● YOUR GOAL
Repeat the records below verbatim and include no pictures.

Source records
******************************
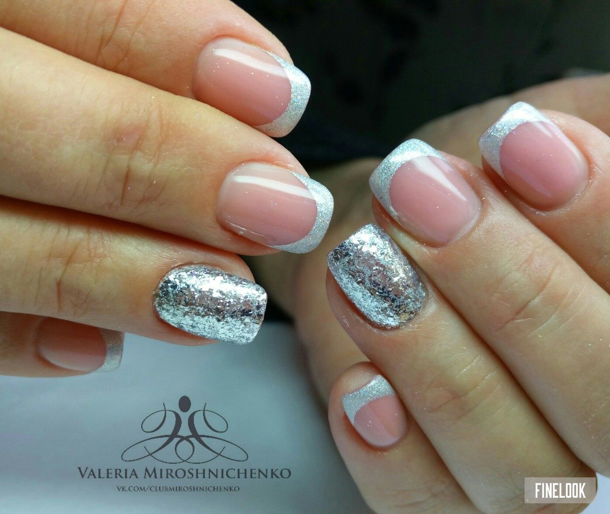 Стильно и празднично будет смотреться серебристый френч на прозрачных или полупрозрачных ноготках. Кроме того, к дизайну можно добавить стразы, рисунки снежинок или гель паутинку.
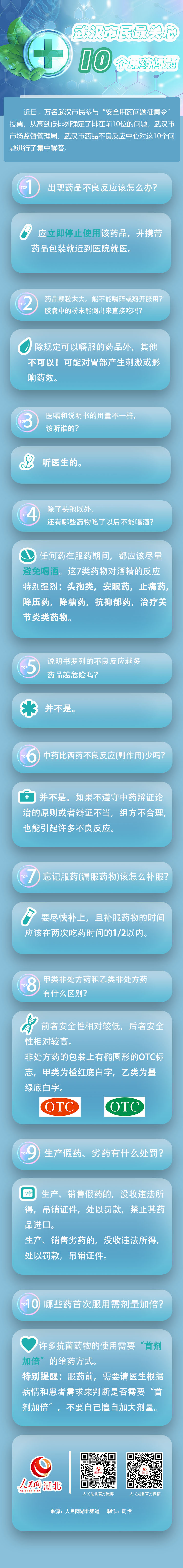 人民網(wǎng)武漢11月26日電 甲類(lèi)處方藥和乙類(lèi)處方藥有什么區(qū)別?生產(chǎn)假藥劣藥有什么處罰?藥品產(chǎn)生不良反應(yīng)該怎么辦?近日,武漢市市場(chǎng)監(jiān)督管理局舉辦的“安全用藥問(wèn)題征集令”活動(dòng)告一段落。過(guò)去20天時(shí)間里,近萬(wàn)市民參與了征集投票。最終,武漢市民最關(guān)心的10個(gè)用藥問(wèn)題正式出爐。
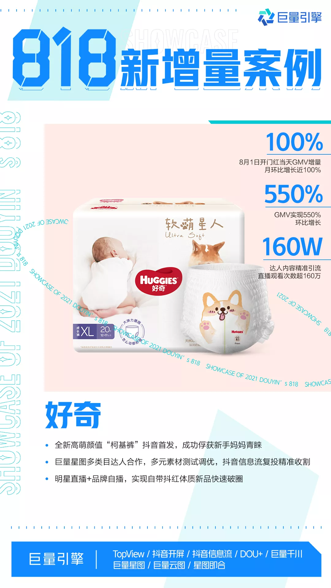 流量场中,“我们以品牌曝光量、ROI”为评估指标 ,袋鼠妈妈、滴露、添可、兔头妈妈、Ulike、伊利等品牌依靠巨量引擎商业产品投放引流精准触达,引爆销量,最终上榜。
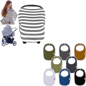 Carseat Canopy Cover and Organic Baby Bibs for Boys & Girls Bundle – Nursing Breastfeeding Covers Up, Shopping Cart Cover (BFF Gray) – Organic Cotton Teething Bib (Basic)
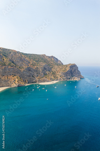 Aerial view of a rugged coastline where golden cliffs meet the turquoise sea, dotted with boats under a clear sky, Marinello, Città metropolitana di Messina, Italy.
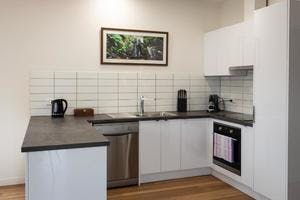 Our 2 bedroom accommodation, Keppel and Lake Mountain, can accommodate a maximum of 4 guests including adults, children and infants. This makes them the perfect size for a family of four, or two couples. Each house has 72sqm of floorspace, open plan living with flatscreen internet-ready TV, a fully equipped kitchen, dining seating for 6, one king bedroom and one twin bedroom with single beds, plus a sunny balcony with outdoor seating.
******************************
● EXPECTED ANSWER
 Стильно и празднично будет смотреться серебристый френч на прозрачных или полупрозрачных ноготках. Кроме того, к дизайну можно добавить стразы, рисунки снежинок или гель паутинку.
 人民網(wǎng)武漢11月26日電 甲類(lèi)處方藥和乙類(lèi)處方藥有什么區(qū)別?生產(chǎn)假藥劣藥有什么處罰?藥品產(chǎn)生不良反應(yīng)該怎么辦?近日,武漢市市場(chǎng)監(jiān)督管理局舉辦的“安全用藥問(wèn)題征集令”活動(dòng)告一段落。過(guò)去20天時(shí)間里,近萬(wàn)市民參與了征集投票。最終,武漢市民最關(guān)心的10個(gè)用藥問(wèn)題正式出爐。
 流量场中,“我们以品牌曝光量、ROI”为评估指标 ,袋鼠妈妈、滴露、添可、兔头妈妈、Ulike、伊利等品牌依靠巨量引擎商业产品投放引流精准触达,引爆销量,最终上榜。
 Carseat Canopy Cover and Organic Baby Bibs for Boys & Girls Bundle – Nursing Breastfeeding Covers Up, Shopping Cart Cover (BFF Gray) – Organic Cotton Teething Bib (Basic)
 Aerial view of a rugged coastline where golden cliffs meet the turquoise sea, dotted with boats under a clear sky, Marinello, Città metropolitana di Messina, Italy.
 Our 2 bedroom accommodation, Keppel and Lake Mountain, can accommodate a maximum of 4 guests including adults, children and infants. This makes them the perfect size for a family of four, or two couples. Each house has 72sqm of floorspace, open plan living with flatscreen internet-ready TV, a fully equipped kitchen, dining seating for 6, one king bedroom and one twin bedroom with single beds, plus a sunny balcony with outdoor seating.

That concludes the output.